Por isso, ao convocar o sínodo da família, Francisco considerou o problema dos casais recasados uma prioridade. Infelizmente, não conseguiu alcançar qualquer consenso. Num gesto provocador, cinco cardeais publicaram o livro Remaining in the Truth of Christ: Marriage and Communion in the Catholic Church nas vésperas do primeiro sínodo, defendendo que não poderia haver cedências nessa matéria. Ao lançar, em 2016, a exortação apostólica A Alegria do Amor, Francisco foi obrigado a manter-se ambíguo em relação ao tema. Ambíguo – mas não conformado.

A solução que encontrou foi habilidosa: agarrou na interpretação liberal que os bispos argentinos fizeram da sua exortação e disse que ela estava certa e não havia outra. Sim, do documento consta a tal “vida em continência”, mas isso era apenas milho para os pardais – o importante é que a resolução do problema era enviada para o nível pastoral.
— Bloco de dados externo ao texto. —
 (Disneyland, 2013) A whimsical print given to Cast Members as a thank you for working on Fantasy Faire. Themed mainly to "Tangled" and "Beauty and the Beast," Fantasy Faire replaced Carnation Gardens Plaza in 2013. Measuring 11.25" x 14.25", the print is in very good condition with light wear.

Como quem diz: cada pastor é que sabe aquilo que cada ovelha necessita. Isso é tudo o que Francisco quer ouvir. A teoria mantém-se, a prática altera-se. E por isso, ele resolveu saltar por cima das conferências episcopais e interpelar directamente os bispos para reflectirem sobre a matéria. A única forma de fazer avançar a Igreja sem criar mais cismas é com mudanças locais.
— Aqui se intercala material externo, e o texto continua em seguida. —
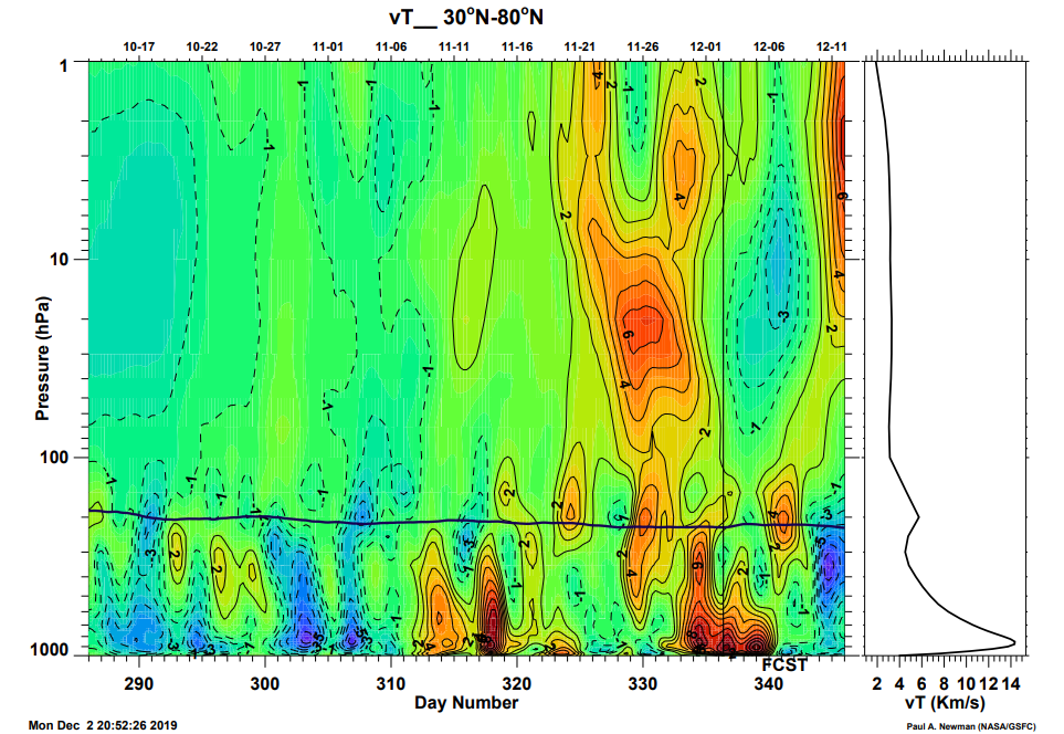 Om die te illustreren gaan we naar plaatje 4. Daarin de warmtestroom (heat flux) door windschering. Links het verleden, met duidelijk zichtbaar de opwarming (oranje) eind november. Rechts van de getrokken verticaal de verwachting. Helemaal in het uiterste bereik dient zich een volgende opwarming aan. Die wordt geïnduceerd door een warmte-impuls aan het oppervlak, dat is in de Siberische regio. Daar is de gradiënt (wind en temperatuur) maximaal, mede vanwege de reeds verplaatste vortex, maar ook vanwege het gunstige samenspel van het Siberische hoog en verhoogde depressie-activiteit bij de Aleoeten. Zo vanaf het begin van het tweede decade zou dit moeten leiden tot vernieuwde wave1 en verlenging van de druk op de stratosferische poolwervel. Deze ontwikkelingen zijn echter nog een beetje onzeker, mooi onderwerp voor een volgende update.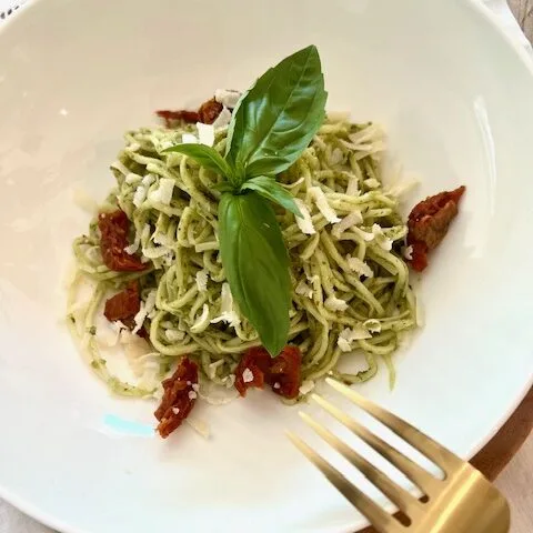 Es gibt nichts herrlicheres als Pasta mit einer leckeren Sauce. Zu unseren Favourites gehört natürlich die Pestosauce und mit Kürbiskernen ist diese auch noch super ketotauglich! Das Rezept funktioniert vegan wie auch mit Käse.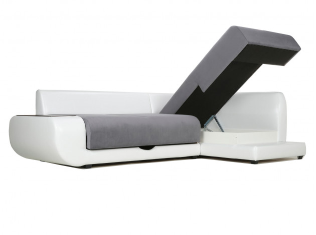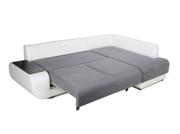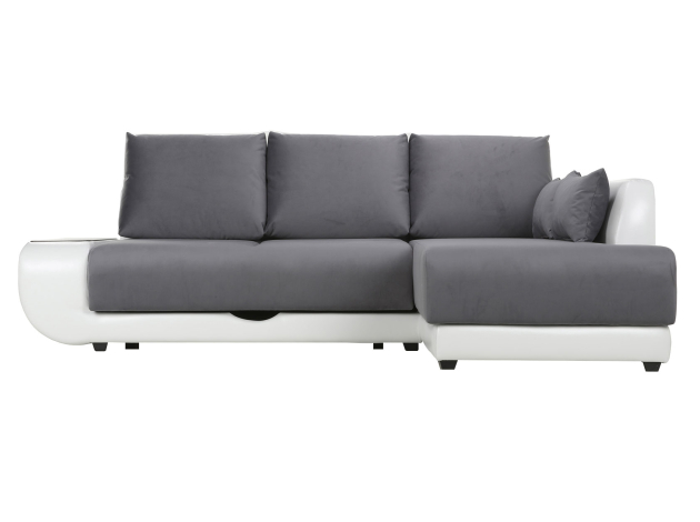 Угловой диван Стингер Графитово-белый, велюр/кожзам С баром Пенополиуретан Справа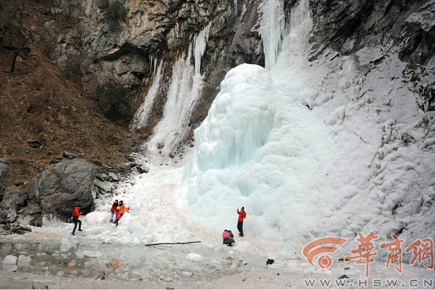 昨日下午2時(shí),游客在戶縣澇峪黑山瀑布前合影留念。不時(shí)有冰塊從瀑布上方掉落,著實(shí)讓人捏了一把汗 記者 趙彬 攝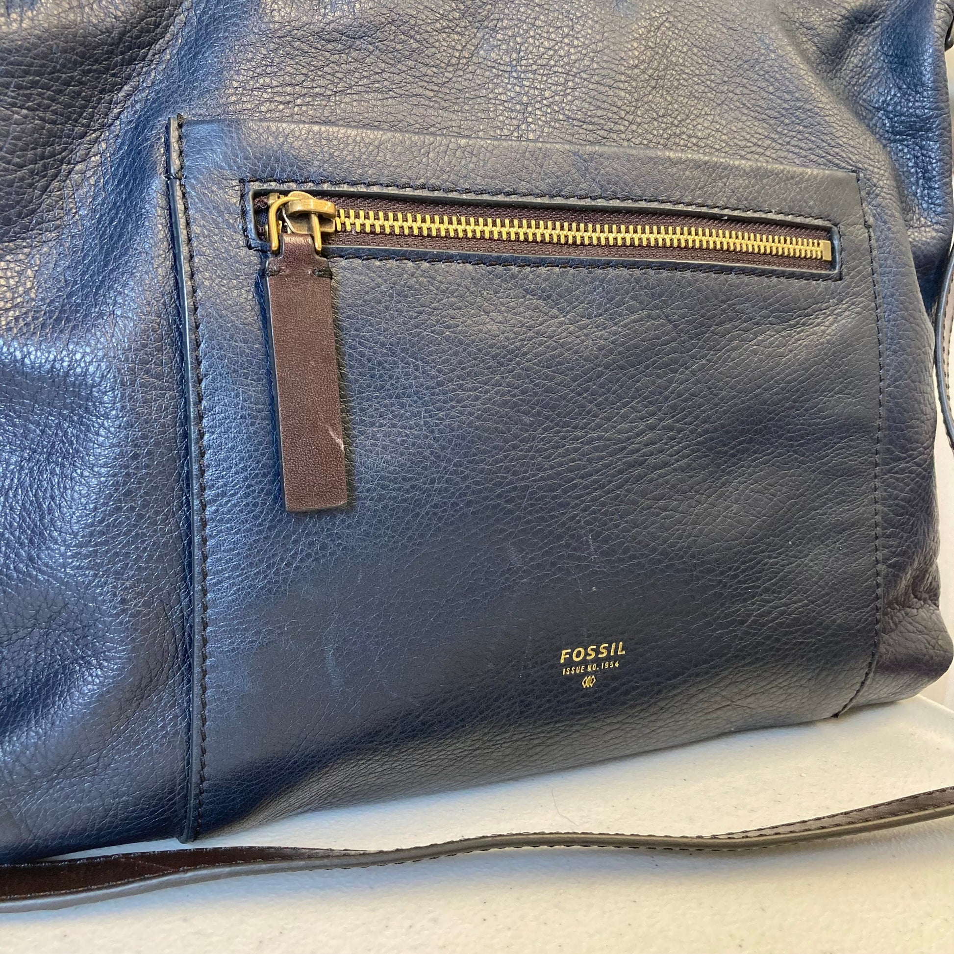 Handbag Leather By Fossil In Navy, Size:Medium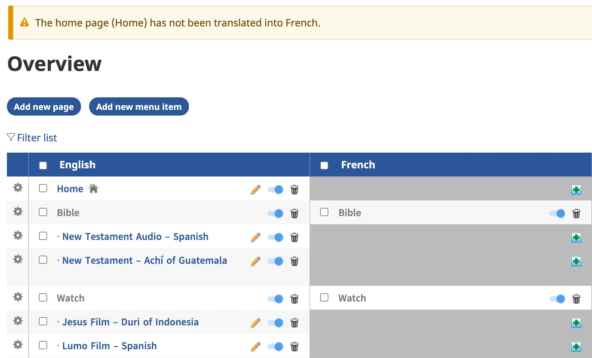 1) If you added a new Navigation Language in the Initial Setup Guide, you will see a column for that language with no page titles listed.

D. Manuel Clemente chamou-lhe um “discernimento dinâmico”, o que na prática significa isto: as paróquias mais conservadoras continuam a ter à sua disposição as respostas inflexíveis que tanto apreciam (incluindo a bizarria do celibato entre casais e a promoção da indústria das nulidades), mas as paróquias onde a recusa dos sacramentos a certos cristãos recasados é vista como uma crueldade anti-evangélica já não estão condenadas a afastá-los para todo o sempre dos sacramentos. Esta segunda possibilidade coloca metade do Vaticano com os cabelos em pé.

O padre Miguel Almeida, que sobre este tema escreveu um texto com o qual concordo pouco (“O Patriarca e o sexo dos recasados”) e um texto com o qual concordo muito (“A reforma mais difícil de Francisco”), disse tudo em três frases: “Juntemos a descentralização da autoridade eclesial a uma real importância dada à consciência dos fiéis e temos o fim do clericalismo. Esta é a grande bomba da reforma bergogliana. E é certamente uma das causas escondidas, mas poderosa, das grandes críticas a Francisco.”

Isto não é sobre sexo. Isto é mesmo sobre poder.